According to our genomic analysis and similar to the case of mouse, the C01 family of cysteine proteases is largely expanded in the rat genome due to the presence of two protease subfamilies—placental cathepsins and testins—that are absent in the human lineage (Fig. 2). The placental cathepsins provide an important example of local gene expansion taking place in the rat and mouse genomes, although there are some differences in the evolution of this family in both rodents.
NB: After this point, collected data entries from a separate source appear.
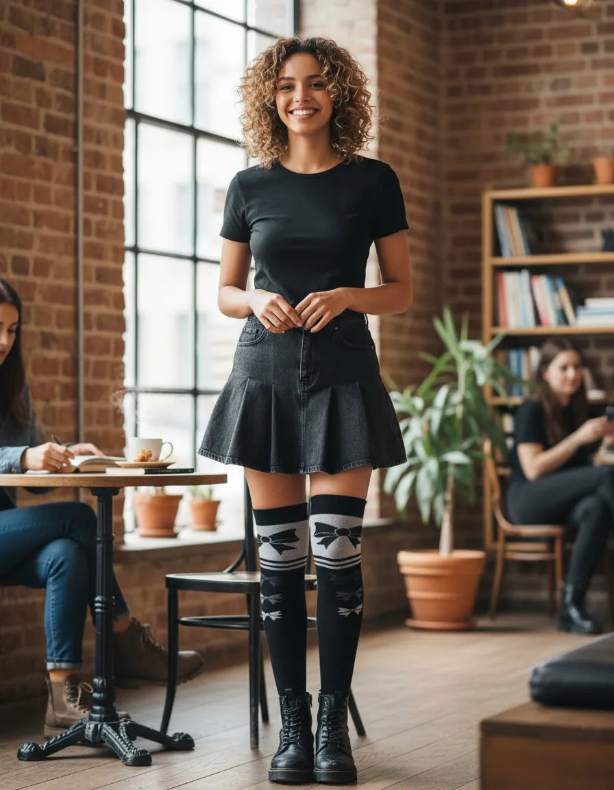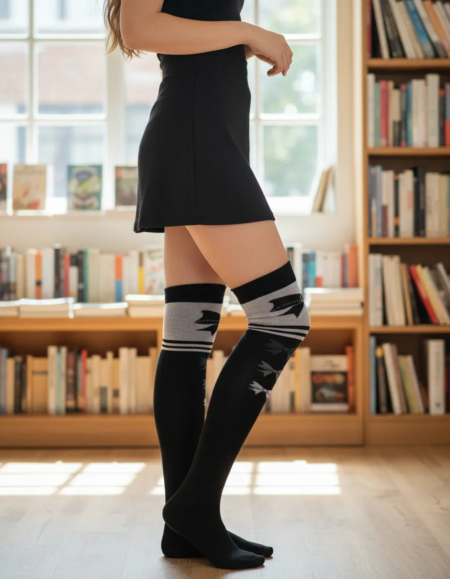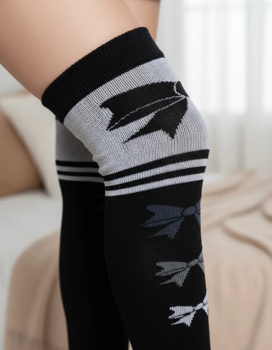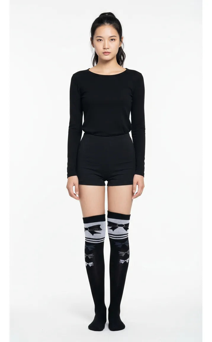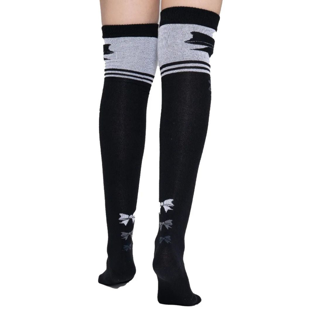 Haz que tu disfraz brille (¡o asuste!) con nuestras Calcetas Largas Halloween, ideales para mujer. Disponibles en este divertido diseño de moño, estas medietas son el complemento perfecto para tu disfraz.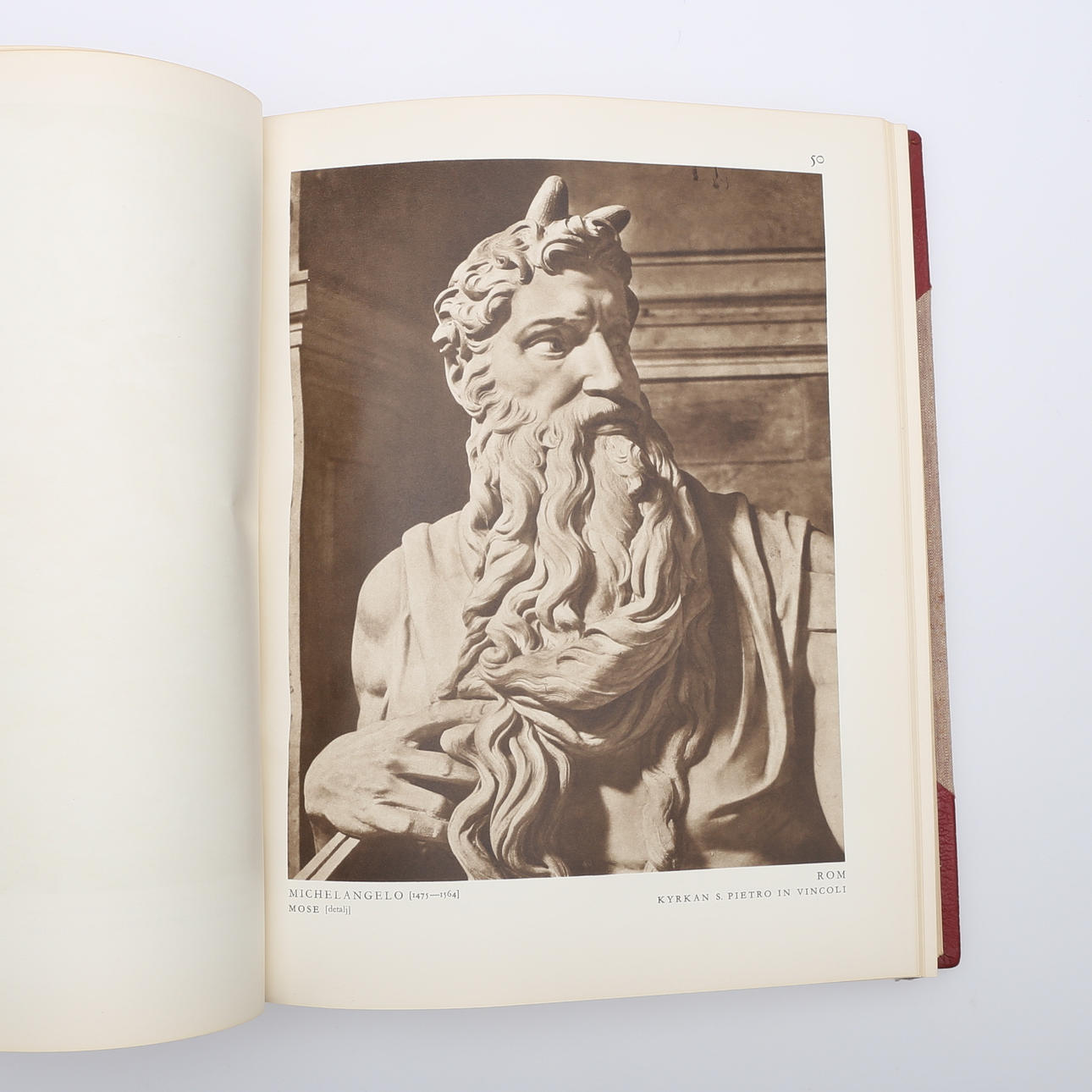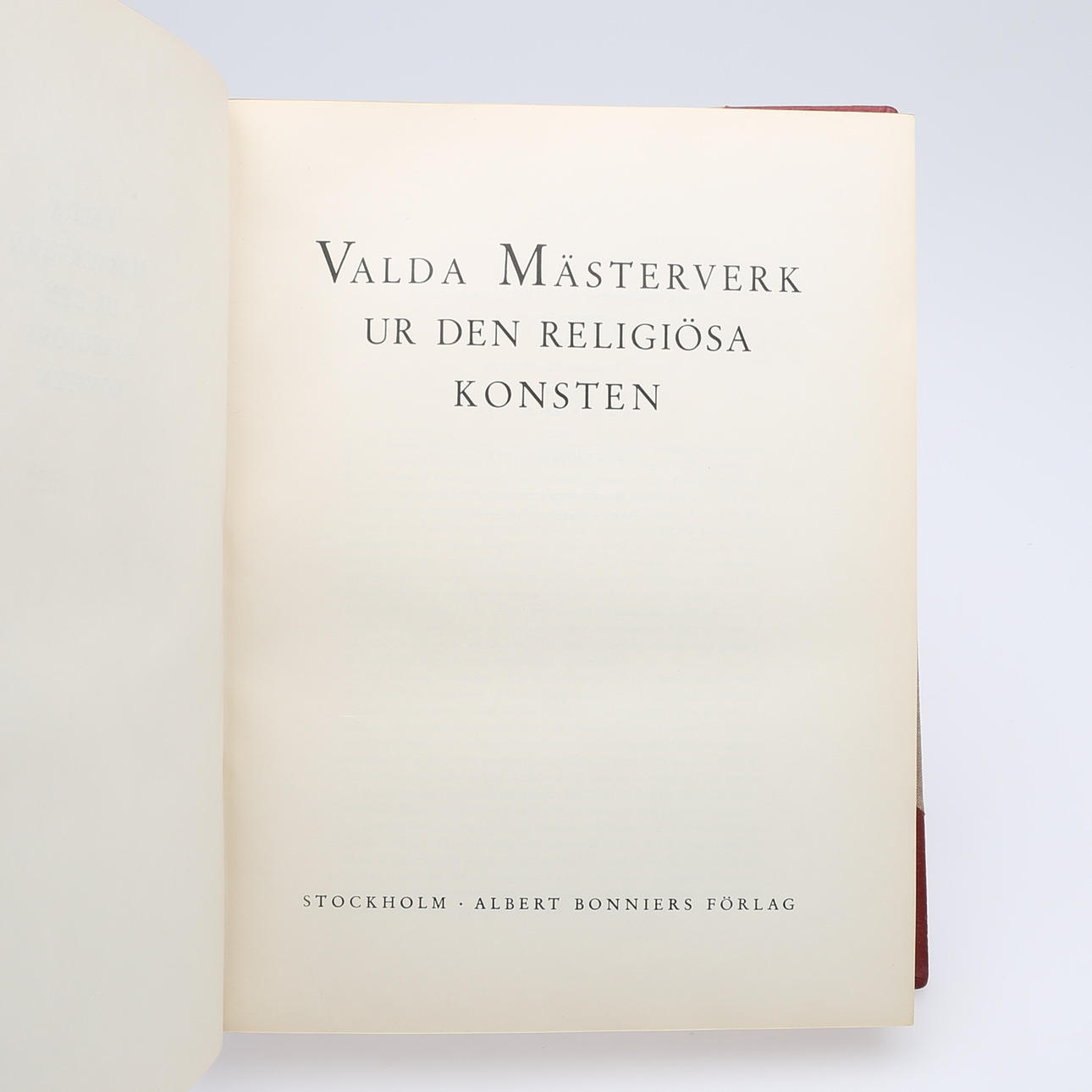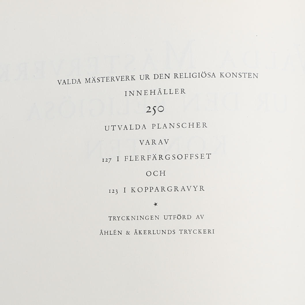 Art. Selected masterpieces from religious art. Albert Bonnier's publisher, Stockholm, 1948. Contains 250 plates of which 127 in multi-colour offset and 123 in copperplate printing. Folio in a red half morocco binding with gilt spine text and gilt spine decoration. Upper gold cut.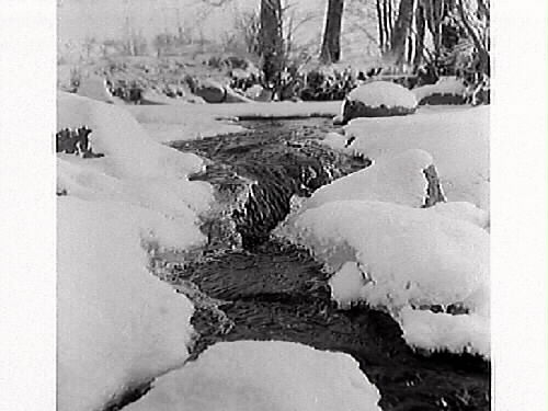 Vinterbilder av en bäck som rinner mellan Ölmevallasjön och byfjorden.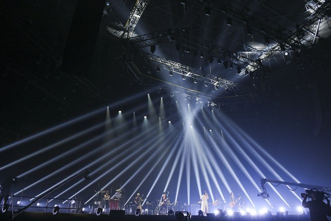 ムービーが終わると、再び視聴者の画面は横浜アリーナへ。15年間の感謝を込めた「ありがとう」、光を巧みに用いたLEDモニターの映像が楽曲のムードをより高めた「きらきらにひかる」、追い風を吹かすようにパワフルで華麗な演奏を繰り広げた「BAKU」と畳み掛け、「じょいふる」ではテンションも最高潮。15周年と掛けて15回連続ジャンプで楽曲を締めくくった。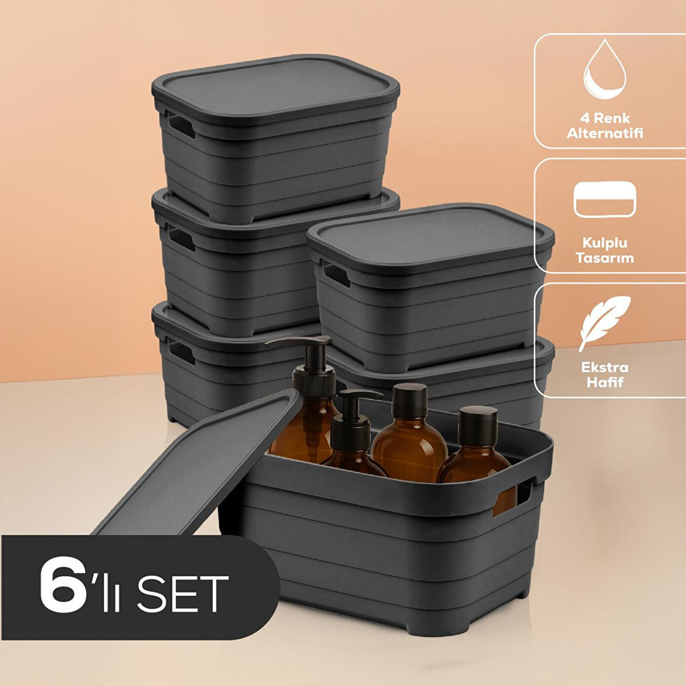 Vienev 6'lı Kapaklı 3,8 Litre Saklama Kutusu Antrasit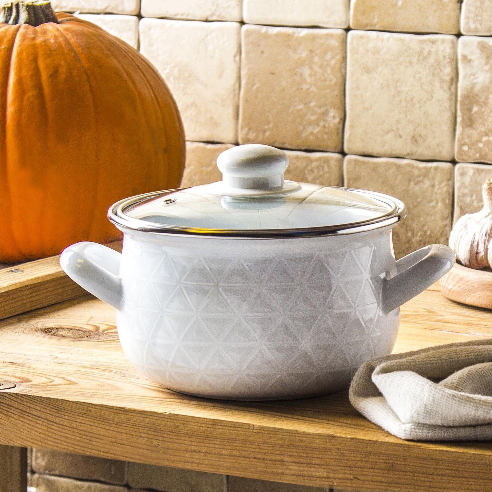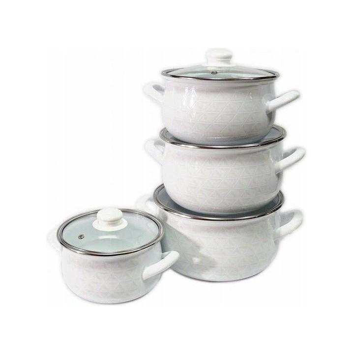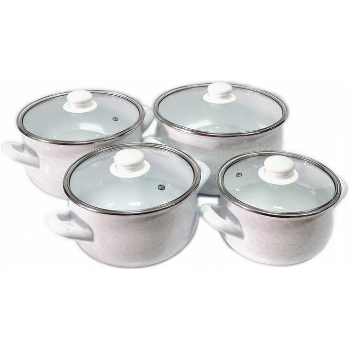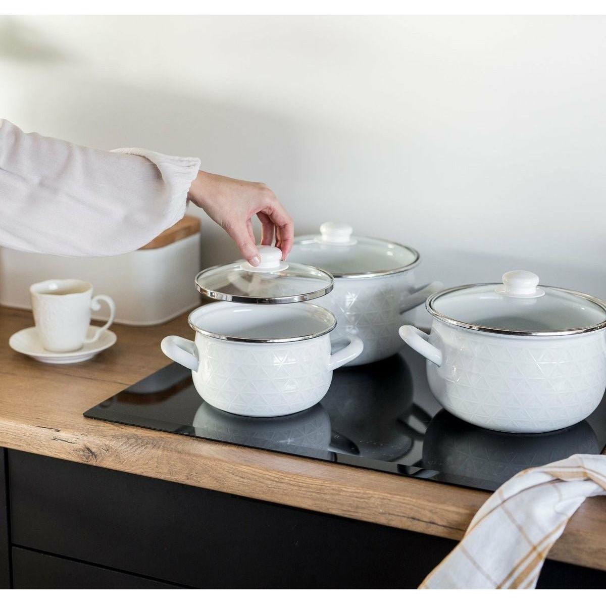 Met de Emalia Diamond kookpannenset (16, 18, 20 en 22 cm) heb je voor elke maaltijd de juiste pan in huis. De pannen zijn gemaakt van hoogwaardig koolstofstaal met duurzame emaille coating, waardoor ze krasbestendig, onderhoudsvriendelijk en veilig zijn in gebruik. Het subtiele diamantpatroon in wit emaille geeft je keuken een stijlvolle, retro uitstraling. Dankzij de gladde emaille binnenkant kook je gezond: er komen geen schadelijke stoffen in je eten terecht. Inclusief geharde glazen deksels met stoomontluchting – ideaal om tijdens het koken je gerechten in de gaten te houden.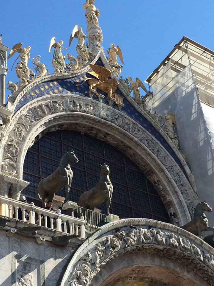 A small portion of the intricate exterior of Saint Mark’s Basilica in Venice.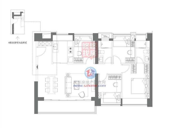 四房的D1,D2户型基本格局相同,采用客餐厅一体化设计。两者差别主要体现在,餐客出阳台,或是阳台延伸卧室窗户外。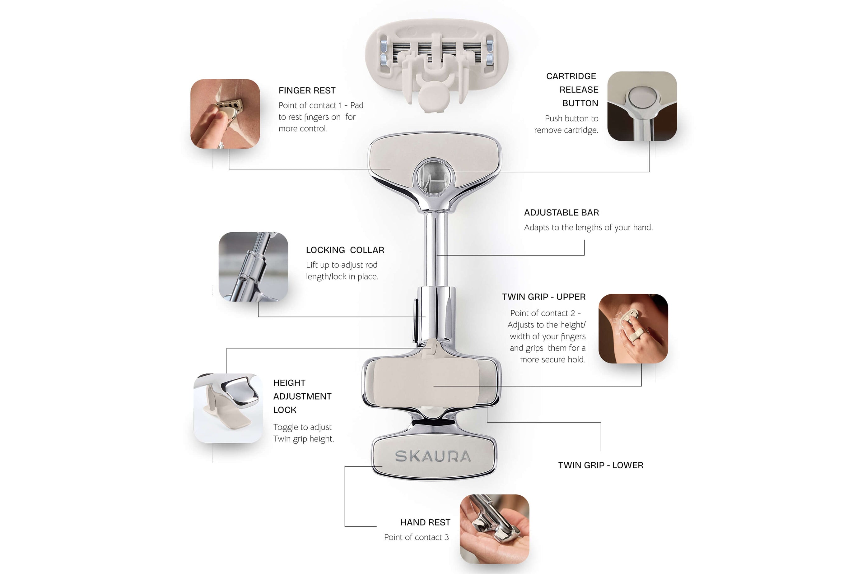 Three points of contact on the SKAURA ONE™ Razor provide increased stability and controlreducing friction, nicks, and cuts.
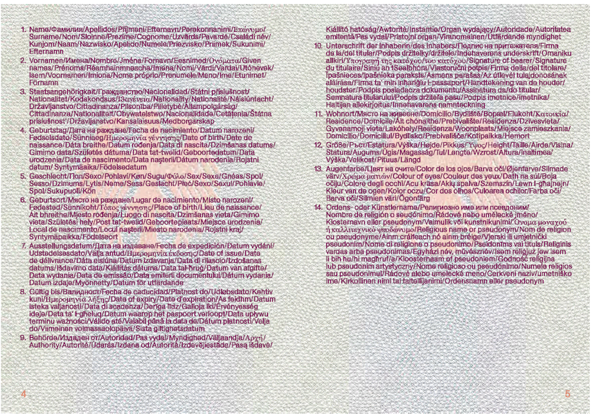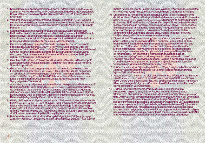 6. In dem in der Anlage 4 enthaltenen Passmuster wird Vorsatz und Passkartenrückseite, Passbuchinnenseite 2 und 3, Passbuchinnenseite 4 und 5 sowie Passbuchinnenseite 48 und Vorsatz durch das im Anhang zu dieser Verordnung enthaltene Passmuster: Dienstpass (48 Seiten) ersetzt.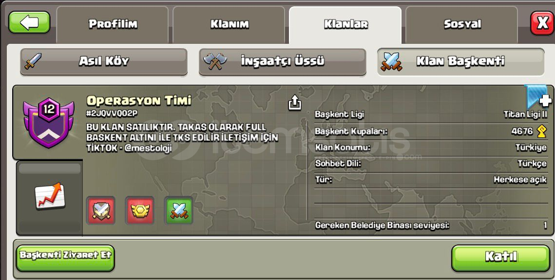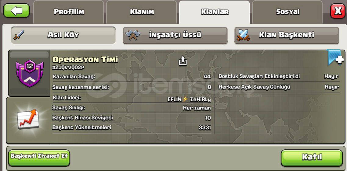 %100 MEMNUNİYET | 1 DAKİKADA TESLİM ⏳|10/10 DEĞERLENDİRME PUANIAÇIKLAMAYI LÜTFEN SONUNA KADAR OKUYUNUZ !HESABIN EK ÖZELLİKLERİ ⚡️ ✨13 Level Klanım • Operasyon Timi 🇹🇷• Eşi Benzeri Yok !• Harika Savaş Günlüğü• Kristal 1 I Savaş Ligi• Başkent Seviyesi 10 / 3331• Başkent Yükseltmesi FULL Seviye• Görsell...
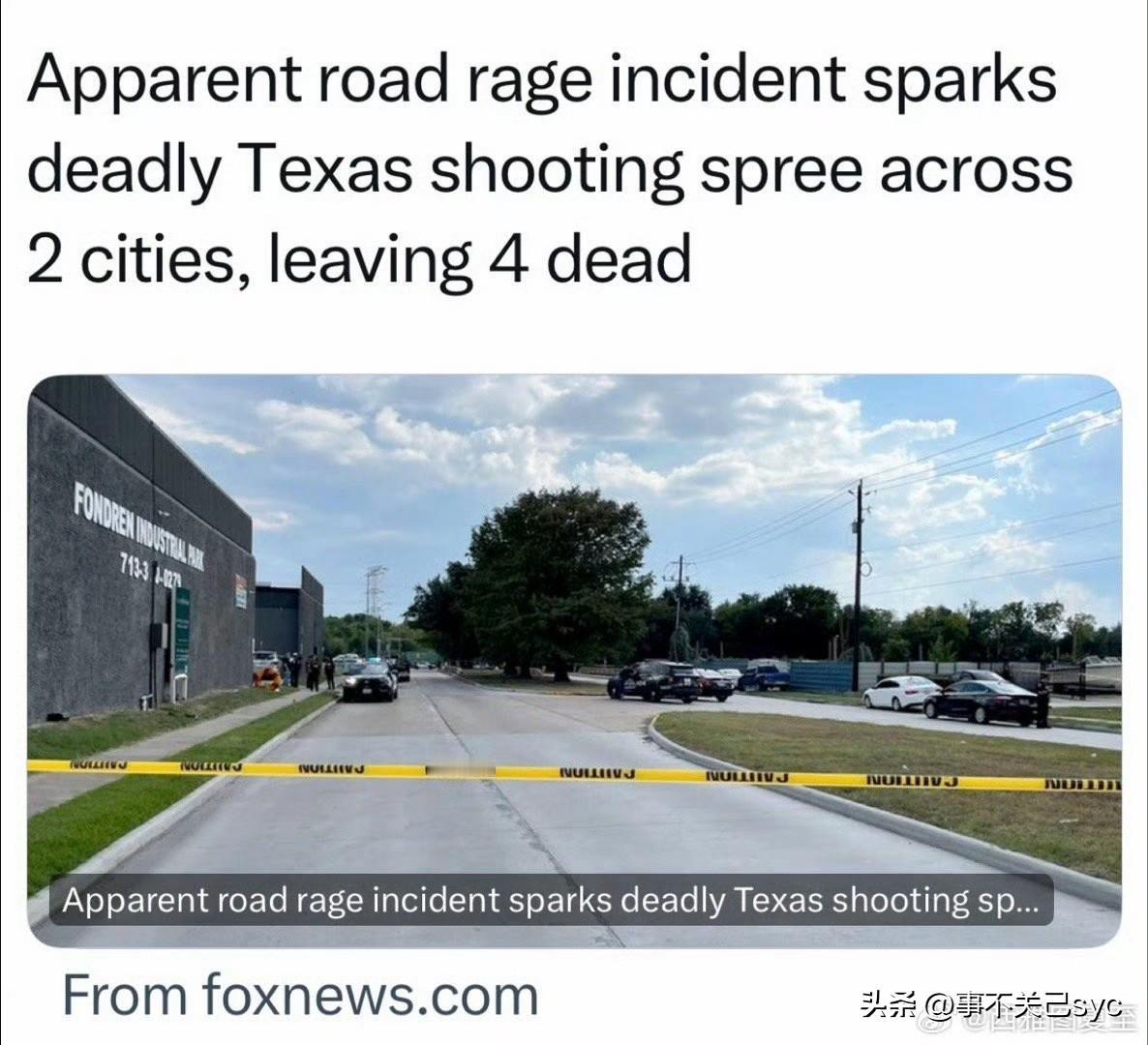 Texas (德克萨斯州)公路上发生冲突,演变成凶杀:其中一名司机先开枪打死一名女性,后打死一名男性,又打死一名目击者,最后饮弹自尽 警方没有公布枪手和受害者身份,但下结论:“显然是road rage”路怒 ——驾驶者因其他驾驶者的恼人行为而引发的失控愤怒。 近一段时间以来,美国恶性暴力枪杀事件显著增多,为什么? 社会撕裂与极端主义是不可或缺的因素:政治对立、意识形态分歧、极右翼白人至上主义、大规模遣返驱赶非法移、高关税引发的高物价等,在社交媒体上被放大,加剧了社会仇恨,一些极端分子会选择用暴力手段表达诉求。 由于宪法障碍、政治极化和社会文化的根深蒂固,美国很难在联邦层面出台颠覆性的控枪法案。因此,这种恶性暴力事件的频发,恐怕仍将是美国社会一个长期而痛苦的现实。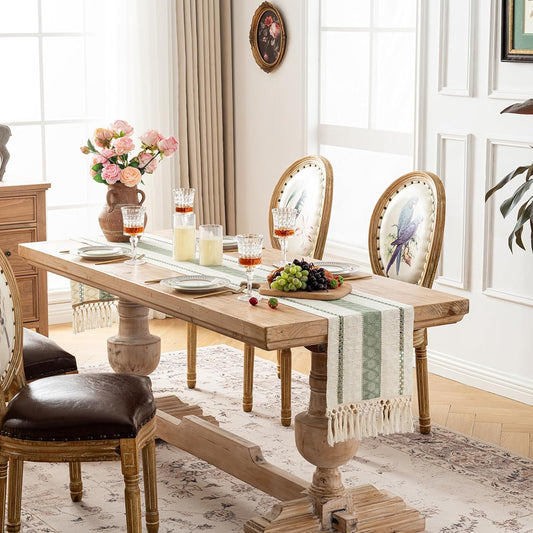 Sage Green Table Runner 72 Inches Long Boho Macrame Tassels

We have annotated 10 putative placental cathepsins in rat chromosome 17p14, but none of them is present in human. The mouse genome contains eight placental cathepsin genes located at chromosome 13B3 (Deussing et al. 2002; Sol-Church et al. 2002), seven of them being true orthologs of rat placental cathepsins. The rat specific genes should be Ctsq2, Ctsq2l, and Cts7l, whereas Cts3 should be a mouse-specific gene. The testin subfamily of the C01 family of cysteine proteases provides another example of gene family showing differences between rat and human. We have identified three testins in the rat genome, located in close proximity to the placental cathepsins at 17p14. The mouse genome also contains three testin genes orthologous to those identified in rat, but none of them is present in the human lineage, indicating that testins are a rodent-specific subfamily of cysteine proteinases. It is remarkable that both placental cathepsins and testins are proteases associated with reproductive functions, providing additional evidence that most differences in protease genes underlie changes in reproductive strategies between the analyzed species. Analysis of the rat genome has also confirmed the presence of a single copy of cathepsin L–like genes in rodents, whereas there are two functional human cathepsin L–like genes (CTSL and CTSL2)at 9q21, the second one being associated with reproductive and immunological functions. It is remarkable that the rat cathepsin L–like is more closely related to human CTSL2 than to human CTSL, confirming and extending data previously reported for mouse cathepsin L–like (Santamaría et al. 1998).

Figure 2
Unrooted phylogenetic tree of the C01 family of cysteine proteases. The testin subfamily of rodent-specific proteases is shown in red, and placental cathepsins, which are also rodent-specific, are shown in green. Branches corresponding to rat-specific ...

Analysis of the C02 family of cysteine proteinases—the calpains—has also revealed differences between rat, mouse, and human (Supplemental Table 1). First, and similar to mouse, the rat genome lacks calpain-14, indicating that this gene is human-specific compared with rodents. A second interesting difference is the finding that calpain-13 has been specifically inactivated by mutation in the rat genome. The C12 family of deubiquitinating enzymes contains five members in rat as in mouse, including Uchl4, which is absent in human. The rat caspase repertoire (C14 family) is identical to that of mouse but distinct from human. We have confirmed the absence of caspase-5 and caspase-10 in the rat genome, both being functional enzymes in human. Rat and mouse also lack a nonprotease homolog of caspases present in the human genome and called ICEY. In contrast, there is a functional gene for rat caspase-12 at 8q11, orthologous to the mouse caspase-12 gene at 9A1, whereas the human caspase-12 gene has acquired several deleterious mutations that abrogate its protease function (Fischer et al. 2002). Interestingly, the C15 family of pyroglutamyl-peptidases shows a unique feature of the rat genome: The rat pyroglutamyl-peptidase II gene at 1q22 has accumulated mutations and frameshifts that have prompted us to classify it as a pseudogene, whereas it is a functional gene in both human and mouse.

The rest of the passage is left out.